BEGIN Material provided

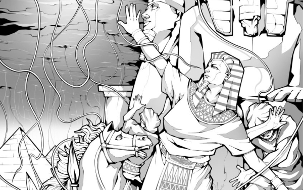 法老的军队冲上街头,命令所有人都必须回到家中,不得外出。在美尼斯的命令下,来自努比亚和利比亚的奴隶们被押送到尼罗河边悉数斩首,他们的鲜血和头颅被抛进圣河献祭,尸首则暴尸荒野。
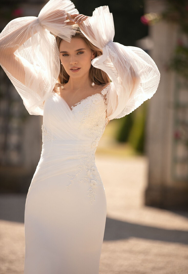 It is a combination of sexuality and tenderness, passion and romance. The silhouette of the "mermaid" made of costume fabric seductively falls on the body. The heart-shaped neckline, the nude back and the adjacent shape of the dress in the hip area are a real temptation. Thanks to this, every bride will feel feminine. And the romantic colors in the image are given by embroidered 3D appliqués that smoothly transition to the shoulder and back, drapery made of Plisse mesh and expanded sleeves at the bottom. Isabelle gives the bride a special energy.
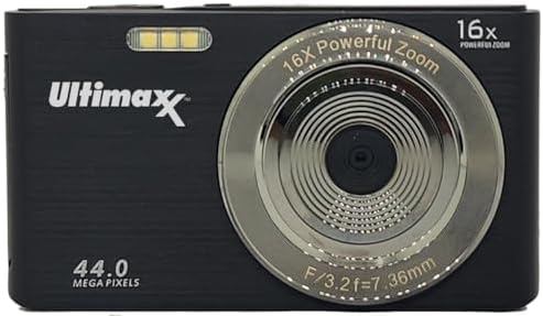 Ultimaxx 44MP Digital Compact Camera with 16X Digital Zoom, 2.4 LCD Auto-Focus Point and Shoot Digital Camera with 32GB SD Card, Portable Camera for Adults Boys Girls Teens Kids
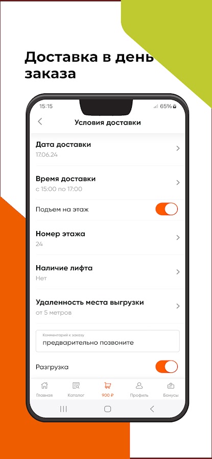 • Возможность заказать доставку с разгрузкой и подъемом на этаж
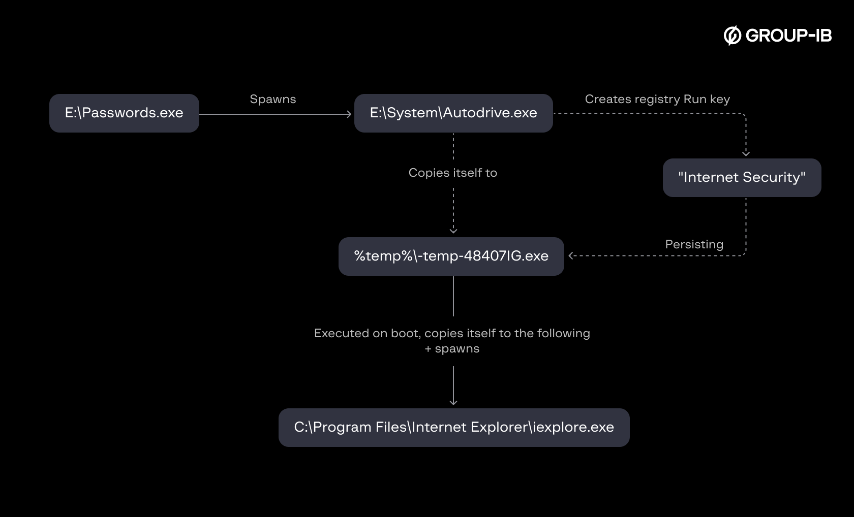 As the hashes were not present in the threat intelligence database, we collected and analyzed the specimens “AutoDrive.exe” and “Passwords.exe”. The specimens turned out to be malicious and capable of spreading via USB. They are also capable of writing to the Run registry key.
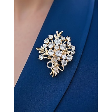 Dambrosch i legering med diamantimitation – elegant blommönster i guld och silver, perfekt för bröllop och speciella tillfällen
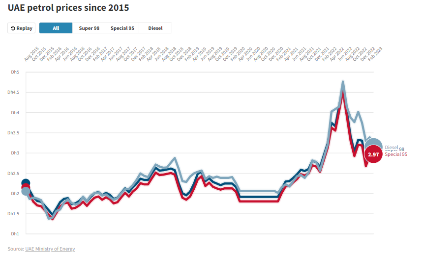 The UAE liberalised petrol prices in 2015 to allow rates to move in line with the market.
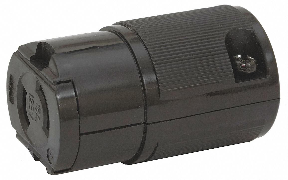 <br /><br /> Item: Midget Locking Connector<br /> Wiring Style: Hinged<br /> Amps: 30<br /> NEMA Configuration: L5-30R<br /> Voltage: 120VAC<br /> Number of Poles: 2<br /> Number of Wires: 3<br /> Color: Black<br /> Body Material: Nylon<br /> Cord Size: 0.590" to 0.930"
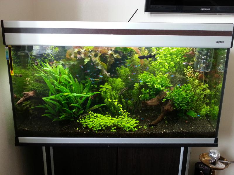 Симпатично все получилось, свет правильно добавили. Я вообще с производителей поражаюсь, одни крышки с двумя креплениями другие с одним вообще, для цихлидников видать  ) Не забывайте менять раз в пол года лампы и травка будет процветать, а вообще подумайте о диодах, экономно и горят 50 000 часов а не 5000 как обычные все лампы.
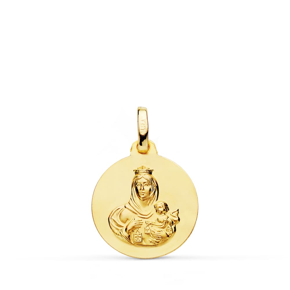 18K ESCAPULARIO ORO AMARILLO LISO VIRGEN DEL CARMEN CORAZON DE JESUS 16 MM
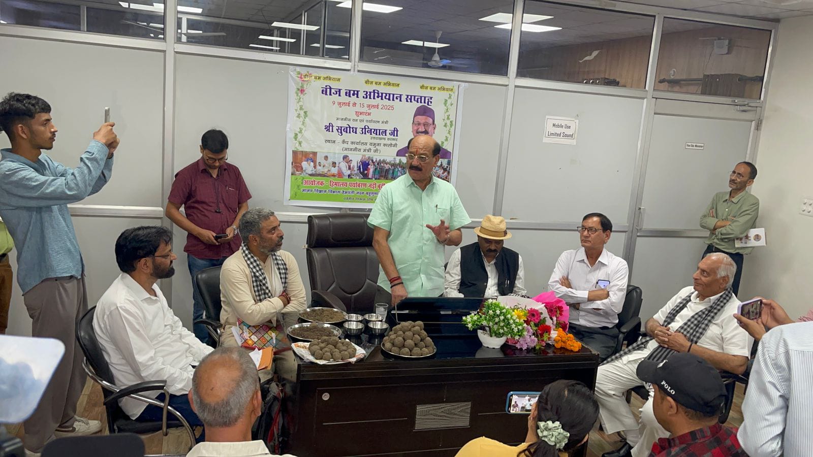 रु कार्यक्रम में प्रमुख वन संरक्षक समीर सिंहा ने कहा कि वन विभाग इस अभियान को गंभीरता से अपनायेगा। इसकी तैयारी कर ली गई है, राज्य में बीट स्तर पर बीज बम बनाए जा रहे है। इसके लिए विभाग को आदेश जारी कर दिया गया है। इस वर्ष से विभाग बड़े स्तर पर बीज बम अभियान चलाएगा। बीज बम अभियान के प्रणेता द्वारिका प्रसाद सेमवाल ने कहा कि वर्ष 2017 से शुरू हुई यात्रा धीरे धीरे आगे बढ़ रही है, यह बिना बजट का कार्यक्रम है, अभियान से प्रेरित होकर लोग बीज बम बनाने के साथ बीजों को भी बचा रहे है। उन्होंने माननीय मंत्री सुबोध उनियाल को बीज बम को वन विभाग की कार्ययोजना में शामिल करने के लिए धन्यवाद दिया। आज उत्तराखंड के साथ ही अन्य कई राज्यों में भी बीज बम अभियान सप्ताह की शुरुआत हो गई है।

END Material provided

Exercise instructions ::
Pictures aside, return exactly the lines from the data above, starting at the line that has "Ultimaxx 44MP Digital" and ending at the line that has "<br /><br /> Item: Midget", both included.

Response to this task ::
 Ultimaxx 44MP Digital Compact Camera with 16X Digital Zoom, 2.4 LCD Auto-Focus Point and Shoot Digital Camera with 32GB SD Card, Portable Camera for Adults Boys Girls Teens Kids
 • Возможность заказать доставку с разгрузкой и подъемом на этаж
 As the hashes were not present in the threat intelligence database, we collected and analyzed the specimens “AutoDrive.exe” and “Passwords.exe”. The specimens turned out to be malicious and capable of spreading via USB. They are also capable of writing to the Run registry key.
 Dambrosch i legering med diamantimitation – elegant blommönster i guld och silver, perfekt för bröllop och speciella tillfällen
 The UAE liberalised petrol prices in 2015 to allow rates to move in line with the market.
 <br /><br /> Item: Midget Locking Connector<br /> Wiring Style: Hinged<br /> Amps: 30<br /> NEMA Configuration: L5-30R<br /> Voltage: 120VAC<br /> Number of Poles: 2<br /> Number of Wires: 3<br /> Color: Black<br /> Body Material: Nylon<br /> Cord Size: 0.590" to 0.930"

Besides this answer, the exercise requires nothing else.